Although this is my last month, it is one of the harder times on the race (in more ways than one). I do feel very blessed that God has brought me to Ukraine, but at the same time, my heart aches for the things taking place around me.
Disclaimer: This blog is not meant to cast judgment or point fingers. It is merely things I have experienced during my time here, and the things I’m learning through it. Please do not think this is supposed to be directed at one specific person, place, or country. I have had some awesome experiences and met some amazing people since being here, but this issue is one thing that has been on my heart as of late. It is the very issue that burns in my heart the most. I hate to see people stuck in bondage, when it is for freedom that Christ has set us free. I am writing this blog because I have tasted and I have seen, and I have found the Good News is in fact Good News, and my desire is that the scales of deception would fall from the eyes of every person that has not experienced the sweetness of the Kingdom.
This blog is specifically about the legalism that I have seen rooted in many hearts and minds.
Criteria for Christians:
Have tattoos or piercings?
You are not welcome in a lot of churches.
Alcoholic?
Sorry, you’re no longer allowed to enter many of the four walls.
Still living in sin?
You can come inside the church when you have turned from your rebellion, until then, you are not welcome.
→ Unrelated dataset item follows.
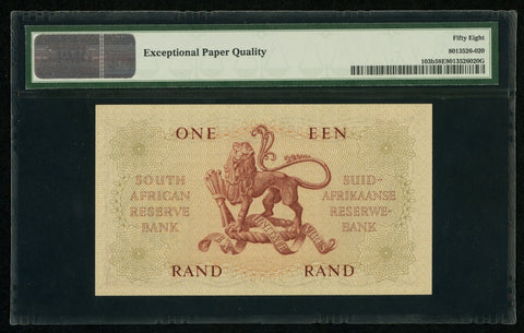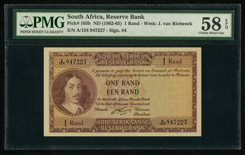 Description: A beautiful Choice About Uncirculated Banknote with Exceptional Paper Quality from South Africa. This is the South African Reserve Bank no date one rand known to have been introduced in 1962 and circulated up to 1965. The banknote is rust brown over multicolored underprint in the front. It displays the portrait of Jan Van Riebeeck in an round frame to the left of the front. The front also depicts the denomination written in English and Afrikaans as well as in numerals. The back is also brown and displays the lion and banner from the coat of arms in the center. The note is written in English on top of Afrikaans on the front and is also in both languages on the back. It is signed by Rissik making it P103b. The front has one signature and the serial number as well as the denomination. This particular note has the serial number A over 124 947227, which is displayed twice on the front in black. The back only displays the name of the bank and the denomination. The note has a watermark displaying the portrait of Jan Van Riebeeck and has no security thread. It is graded Choice About Uncirculated 58 EPQ by PMG and comes in a plastic holder soo labeled. Please carefully review the scan provided as it is part and parcel of our description.

I have been asked by many Ukrainians how I feel about alcohol, tattoos and piercings, dancing (in and out of the church), and many other topics. I was very honest towards how I feel about the issues at hand, and in response, was told that these things can qualify for a person to be kicked out of church.
I experienced some of the isolation that is taking place while my team was helping with a 4-day softball camp. Some drunk teenage boys began asking me if I wanted a cigarette or beer. I was able to speak truth to them because of my own past experiences, since I also relied on drugs and alcohol in order to “have a good time.” I saw myself in them when I was their age. Because I was very familiar with that lifestyle, I was able to tell them that I now have a pure joy that can only be found in the Kingdom, and that the things of this world are merely a cheap imitation of experiencing God’s Glory.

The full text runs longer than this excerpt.